Madame soothed the disconsolate widow, and went away smiling. Grant had declared that all the vices and diseases in the Torres Straits were the gift of the white man, but the instinctive aloofness[Pg 132] of Joy and Cry revealed to the uncomprehending world of Tops Island that some hidden virtue after all sprang from the white strain in their blood.
Madame, a hardy investigator and always frank in her dealings with mankind, tackled Willatopy, the brother of Joy and Cry, and the lover of numberless brown girls whom his blue eyes vanquished at sight.
"My brown girls, they are nothing," declared this easy-mannered Don Juan, "but Joy and Cry are the daughters of my father, the Great White Chief. They are not meat for the scum of Baru. The boys here, what are they but tillers of my garden when they work and whipping blocks for my stick when they don't? I am rich, I do not work. These others I make work for me, and pay in white silver from my banker. They are the dirt under my feet, and if one of them drew near to Joy or Cry, to speak to them without my leave, I would let out his blood upon the sand, and would smoke his head over the fire in my cookhouse."
There was nothing of the modern democrat about Willatopy.
As he imagined to himself, and declared to Madame, the fate of a native island suitor for the temporary favours of his sisters, he drew forth one of the deadly trench daggers which Alexander, a trader in hardware for the Islands, had given him in a moment of expansion. I beg the pardon of Alexander Ewing, man of business. He had sold two daggers to Willatopy at "trade prices," at a tremendous discount which had made them seem to him like gifts.

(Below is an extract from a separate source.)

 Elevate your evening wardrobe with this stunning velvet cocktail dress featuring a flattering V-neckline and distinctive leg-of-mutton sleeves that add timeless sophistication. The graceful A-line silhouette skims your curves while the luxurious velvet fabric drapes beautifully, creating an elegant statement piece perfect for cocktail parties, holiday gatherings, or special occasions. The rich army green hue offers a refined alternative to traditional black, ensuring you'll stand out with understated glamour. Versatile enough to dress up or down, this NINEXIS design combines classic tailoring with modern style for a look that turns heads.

These two trench daggers, which had attracted[Pg 133] Willatopy as "just the things for sharks," bring me to the display before my patient readers of Willatopy the Sportsman. He was rich, he did no work. He paid reluctant impecunious native boys to cut his bananas and plant their rhizomes—even the bountiful banana needs some culture—to sow and reap vegetables in his garden, to feed his fowls and pigs, and to keep fresh and sweet the sago palm thatch of his hut. But though he did no work, Willatopy was an indefatigable sportsman. Incidentally, it is true, he supplied the family with fish and dugong and turtle, but in his code—which had a recognisable family likeness to the code of his father's country—fishing and hunting and shooting, whatever their yield in food, were not to be confounded with loathsome and derogatory Work. The labour which they exacted was Sport, and rich man that he was he could pour out his sweat over them and still remain proudly and unstainedly idle.

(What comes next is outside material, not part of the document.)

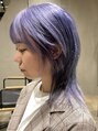 顔周りに軽さを出したミディアムウルフ。カラーリングは2回ブリーチしてしっかり透明感を出してパープルブルーに。カットとカラーリングで個性をしっかり出したエッジスタイルです

At Auckland, Alexander had fallen in with brother Scots, who seemed to be flourishing in exile, though they lamented, in the manner of their great race, the harsh fate which had separated them from a beloved country to which they had no intention whatever to return. These brother Scots of Alexander's had assured him that any kind of iron or steel junk would yield fabulous profits in the Islands, and he after cautiously testing the advice by taking counsel of mere English New Zealanders, had gone all out on hardware. Much that he bought at old iron prices was surplus war material, and included sword bayonets and trench daggers. Never had such lovely killing knives been seen in the Straits, and the traders of Thursday Island just[Pg 134] rose at them. Alexander sold out at a rate of profit which made even him gasp, and he was a business man who could stand a great deal of profit without turning a hair. Willatopy's trench daggers were sweet weapons. They slipped over the fingers, and were gripped in the fist, so that the six-inch blades stood out as deadly steel extensions of the forearm. With the ordinary dagger one stabs up or down with a blade held at right angles to the wrist, but with trench daggers one hits out as in boxing, and delivers a blow with the weight of the body behind it. When Willatopy first put the two daggers on his hands and hit out, right, left, Ewing bolted behind the smoke stack.
"They are just the thing for sharks," commented Willie with approval.
"Then take them off, boy, till you meet the sharks," implored our cautious Alexander.
Soon after Madame had been installed in her tents, after much going and coming at high tide through the "lubbers' hole" of the bar—she held that one hair-raising journey through the surf was enough for honour—Willatopy summoned his gracious lady to witness the first trial of the daggers.
"There are plenty of sharks in the bay," said he, "fine sharks, as big as a whaleboat."
"But what do you want with daggers?" inquired Madame, vaguely recalling pictures of shark fishing with ropes and hooks.
"To kill the sharks with," explained Willatopy. "One hits, so and so, under the side fins."
"But surely you don't mean to go into the water among the sharks?" gasped Madame, who had she been a loyal representative of the Baronet of Wigan[Pg 135] should have welcomed any hazard to the life of the Heir of Topsham.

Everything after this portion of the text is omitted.